What the task requires
Go through the records and set each one down exactly, skipping any picture.

Data in this exercise
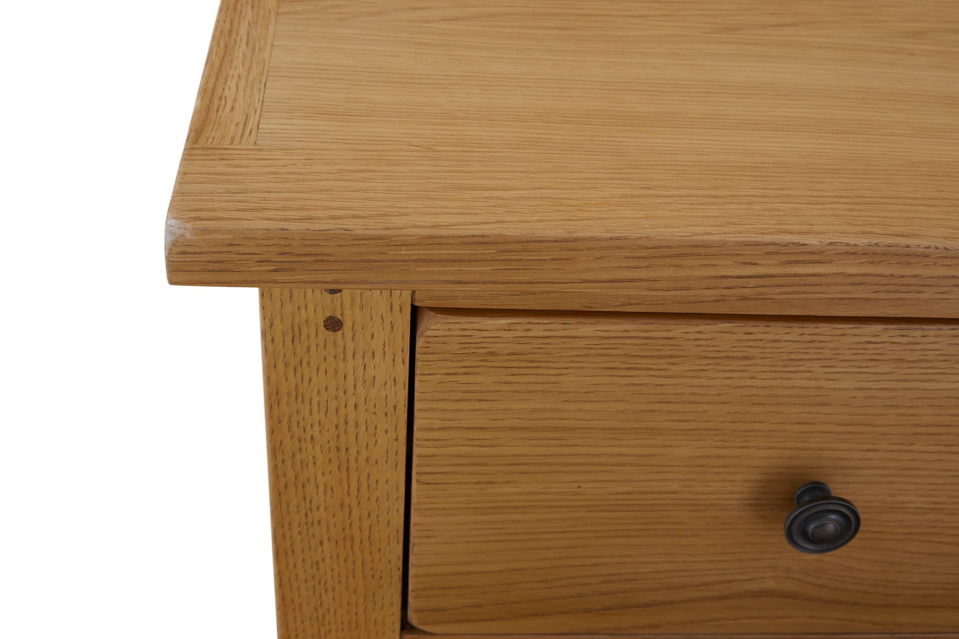 This is a hand wax finished chest of drawers which has two side by side drawers above three full width ones. It has a slightly distressed finish and features shaker style legs as well as exposed dowel pegs. The chest comes with both types of handles so you can choose which you prefer once it is a bedroom. This is a great chest of drawers that offers lots of storage space for the little floor space it takes up, and every drawer has dovetailed joints for extra strength
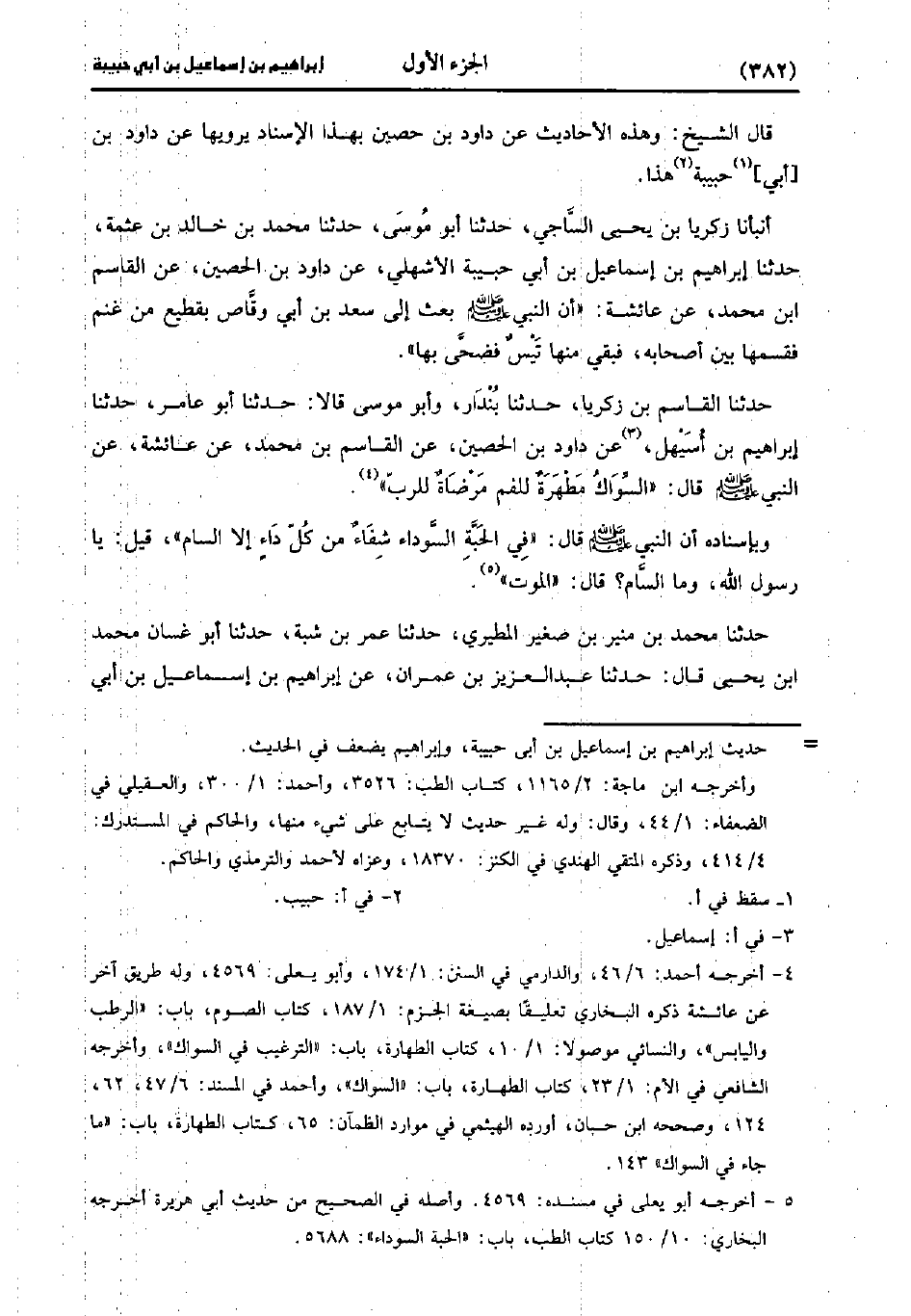 حَدَّثَنَا الْقَاسِمُ بْنُ زَكَرِيَّا، حَدَّثَنا بُنْدَار، وأَبُو مُوسَى، قَالا: حَدَّثَنا أَبُو عَامِرٍ، حَدَّثَنا إِبْرَاهِيمُ بْنُ إْسِمَاعِيلَ (1) ، عَنْ دَاوُدَ بْنِ الْحُصَيْنِ، عَنِ الْقَاسِمِ بْنِ مُحَمد، عَنْ عَائِشَةَ، عَنِ النَّبِيِّ صَلَّى اللَّهُ عَلَيه وسَلَّم قَال: السِّوَاكُ مَطْهَرَةٌ لِلْفَمِّ، مَرْضَاةٌ لِلرَّبِّ.
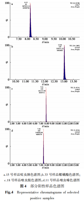 本研究采集了103份蔬菜水果样品,样品均来自于青海省各区县各大农贸市场及超市,结果显示部分样品的啶虫脒、噻虫嗪、噻虫胺、乙螨唑等均有检出。阳性样本经过二次复检,通过对保留时间和特征离子比率比进行了复核,并且报上级机构实验室进行了比对,相对相差<20%,部分阳性样本碎片离子色谱图如图4所示,根据国家标准GB2763-2021《食品安全国家标准食品中农药最大残留限量》[21]均小于国家限量。
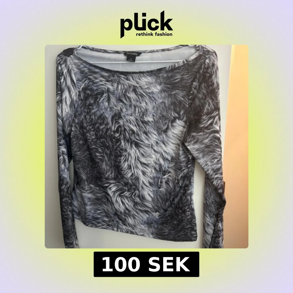 Långärmad topp från Monki med grått och svart pälsliknande mönster. Tunn och stretchig. Rund halsringning och figurnära passform.
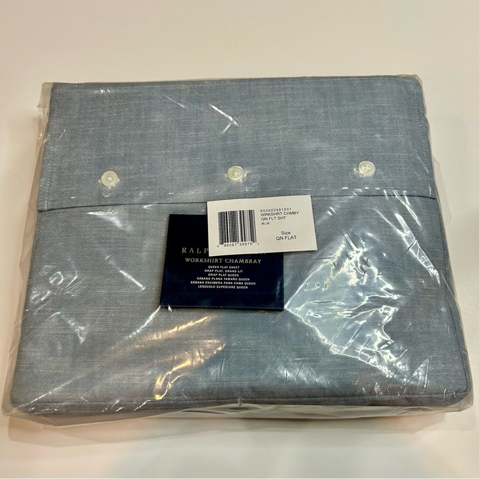 Ralph Lauren Home Workshirt Chambray Queen Flat Sheet Blue New in Package

Result of this exercise
 This is a hand wax finished chest of drawers which has two side by side drawers above three full width ones. It has a slightly distressed finish and features shaker style legs as well as exposed dowel pegs. The chest comes with both types of handles so you can choose which you prefer once it is a bedroom. This is a great chest of drawers that offers lots of storage space for the little floor space it takes up, and every drawer has dovetailed joints for extra strength
 حَدَّثَنَا الْقَاسِمُ بْنُ زَكَرِيَّا، حَدَّثَنا بُنْدَار، وأَبُو مُوسَى، قَالا: حَدَّثَنا أَبُو عَامِرٍ، حَدَّثَنا إِبْرَاهِيمُ بْنُ إْسِمَاعِيلَ (1) ، عَنْ دَاوُدَ بْنِ الْحُصَيْنِ، عَنِ الْقَاسِمِ بْنِ مُحَمد، عَنْ عَائِشَةَ، عَنِ النَّبِيِّ صَلَّى اللَّهُ عَلَيه وسَلَّم قَال: السِّوَاكُ مَطْهَرَةٌ لِلْفَمِّ، مَرْضَاةٌ لِلرَّبِّ.
 本研究采集了103份蔬菜水果样品,样品均来自于青海省各区县各大农贸市场及超市,结果显示部分样品的啶虫脒、噻虫嗪、噻虫胺、乙螨唑等均有检出。阳性样本经过二次复检,通过对保留时间和特征离子比率比进行了复核,并且报上级机构实验室进行了比对,相对相差<20%,部分阳性样本碎片离子色谱图如图4所示,根据国家标准GB2763-2021《食品安全国家标准食品中农药最大残留限量》[21]均小于国家限量。
 Långärmad topp från Monki med grått och svart pälsliknande mönster. Tunn och stretchig. Rund halsringning och figurnära passform.
 Ralph Lauren Home Workshirt Chambray Queen Flat Sheet Blue New in Package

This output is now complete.